Lintas Opini – Berita Terkini, Akurat, Terpercaya – 23 Juli 2026 | Badan Meteorologi, Klimatologi, dan Geofisika (BMKG) telah mengeluarkan peringatan dini gelombang tinggi di sejumlah perairan Jawa Timur dan Indonesia Timur. Peringatan tersebut berlaku mulai 23 Juli 2026 pukul 07.00 WIB hingga 26 Juli 2026 pukul 07.00 WIB. Selama periode tersebut, gelombang laut setinggi 1,25 meter hingga 2,5 meter diperkirakan berpotensi terjadi di 13 wilayah perairan Jawa Timur.
BMKG mengimbau nelayan, operator kapal, hingga masyarakat yang beraktivitas di laut untuk meningkatkan kewaspadaan demi keselamatan pelayaran. Gelombang tersebut berpotensi membahayakan aktivitas pelayaran, terutama kapal berukuran kecil. Masyarakat yang akan melaut maupun operator kapal diminta memperhatikan batas aman dan selalu memantau informasi cuaca dan peringatan maritim terbaru dari BMKG sebelum berangkat.
Sementara itu, pelayaran wisata ke sejumlah pulau di kawasan Taman Nasional Komodo juga kembali ditutup mulai 22 Juli 2026 hingga 24 Juli 2026. Pulau Padar dan Pulau Komodo termasuk tujuan wisata yang dilarang.
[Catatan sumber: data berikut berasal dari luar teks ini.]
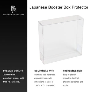 Platinum Protectors unveils its redesigned protectors for Pokemon Japanese Booster expansion boxes. Now UV and scratch-resistant, these protectors keep your TCG boxes pristine, preventing fading and damage. With flat surfaces and sleek, softline edges, they’re easy to assemble and stack flawlessly, outshining competitors’ curved, bulky closures. Crafted from ultra-clear, acid-free PET plastic, our open-end design ensures effortless insertion, superior durability, and a premium display.
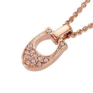 Coach Signature Pave “C” Pendant Necklace Rose-Gold New
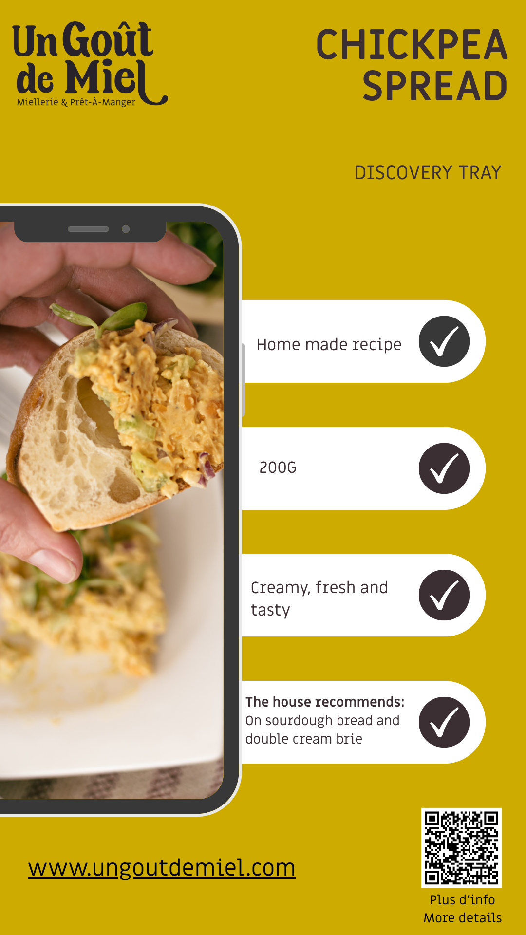 Notre tartinade de pois chiches est devenue célèbre ! À savourer avec des biscuits, des craquelins ou en garniture de sandwich.

Kepala Kantor Kesyahbandaran dan Otoritas Pelabuhan (KSOP) Kelas III Labuan Bajo, Stephanus Risdiyanto mengatakan bahwa perairan paling rawan karena arus kuat dan gelombang tinggi adalah di Selat Padar.
Bibit Siklon Tropis 92W juga terdeteksi di Laut Filipina, tepatnya di sebelah utara Papua Barat Daya. Sistem cuaca ini mulai terpantau sejak 21 Juli 2026 pukul 01.00 WIB. BMKG menyebut Bibit Siklon Tropis 92W memiliki peluang rendah untuk berkembang menjadi siklon tropis dalam periode 24 jam ke depan. Meskipun potensi pertumbuhannya menjadi siklon tropis tergolong rendah, pergerakan sistem ini tetap memberikan dampak tidak langsung terhadap kondisi cuaca dan gelombang laut di sejumlah wilayah Indonesia bagian utara dan timur.
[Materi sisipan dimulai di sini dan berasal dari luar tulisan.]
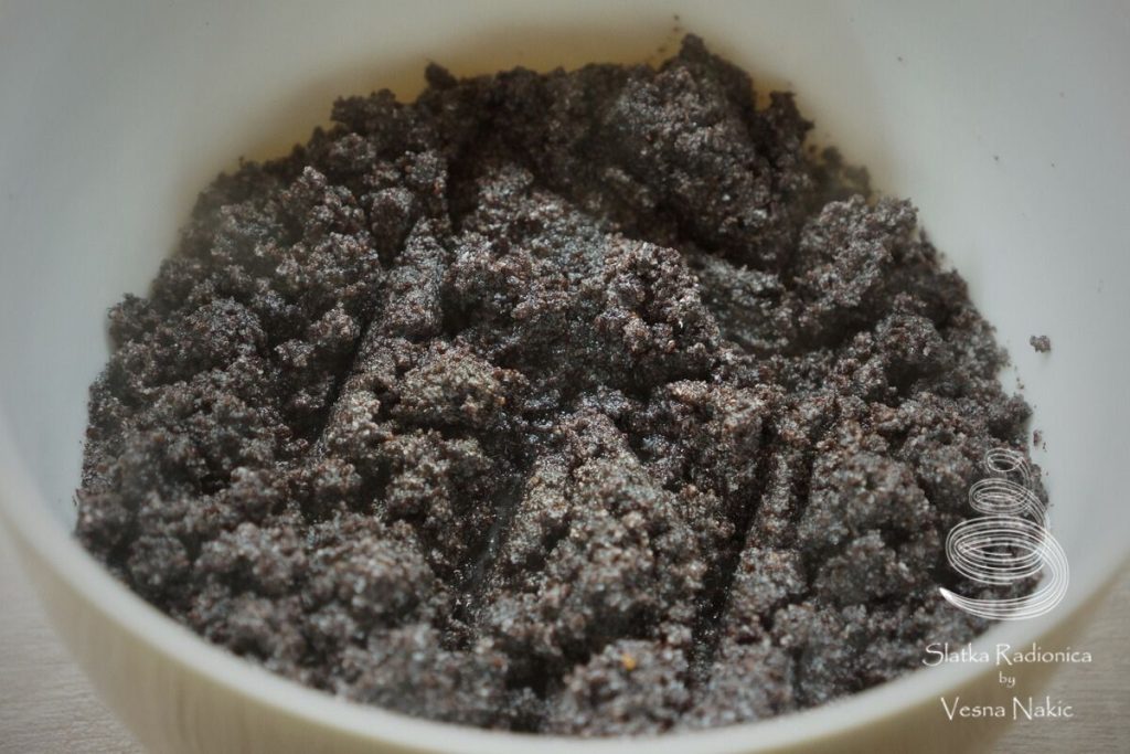 • Nadjev od maka rasporedite, ili možda bolje reći „razbacajte“ u male hrpice po kori, da ga bude lakše razmazati i da ne „upada“ u sir ispod njega

BMKG memprediksi gelombang setinggi 1,25 hingga 2,5 meter berpotensi terjadi di sejumlah perairan, meliputi Samudra Hindia barat Kepulauan Nias, Samudra Hindia barat Aceh, Selat Malaka bagian utara, Laut Natuna Utara, Karimata bagian utara, Selat Karimata bagian selatan, Laut Jawa bagian barat, tengah, dan timur, Selat Makassar bagian utara, tengah, dan selatan, Laut Sulawesi bagian barat, tengah, dan timur, Laut Bali, Laut Flores, Laut Banda, Laut Maluku, Samudra Hindia selatan NTT, Samudra Pasifik utara Maluku, Samudra Pasifik utara Papua Barat, Samudra Pasifik utara Papua Barat Daya, Laut Seram, dan Laut Arafuru bagian utara, barat, tengah, dan timur.
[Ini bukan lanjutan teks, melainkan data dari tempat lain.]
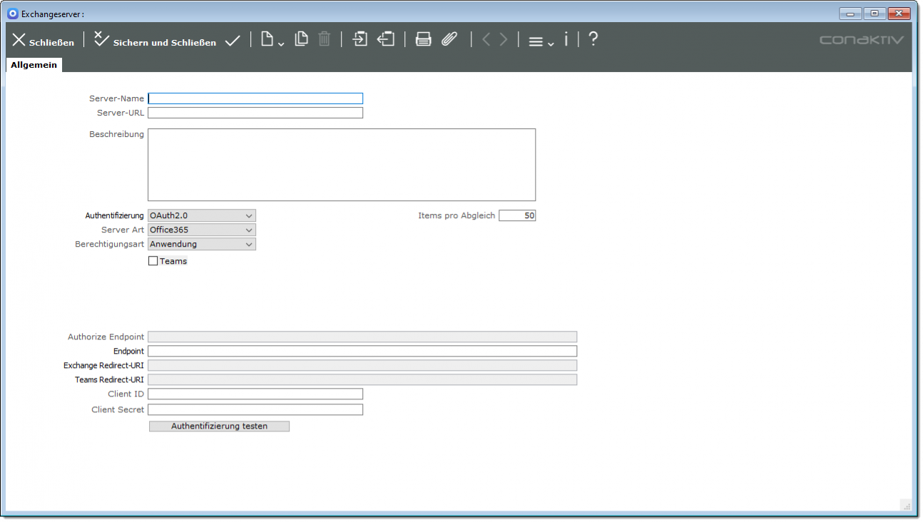 In den Systemparametern von ConAktiv® hinterlegen Sie die Details des Exchange Web Services und der Authentifizierung.

Masyarakat pesisir dan pelayaran di wilayah terdampak diimbau meningkatkan kewaspadaan terhadap hujan lebat, angin kencang, dan gelombang tinggi. Perkembangan Bibit Siklon Tropis 92W masih dapat berubah mengikuti kondisi atmosfer dan perairan. Masyarakat dianjurkan untuk memantau informasi terbaru melalui kanal resmi BMKG dan menghindari informasi dari sumber yang tidak terpercaya.
Kondisi cuaca yang tidak stabil ini mengingatkan kita akan pentingnya kewaspadaan dan keselamatan dalam beraktivitas di laut. Dengan memantau informasi cuaca dan peringatan maritim terbaru, kita dapat mengurangi risiko kecelakaan dan menjaga keselamatan pelayaran.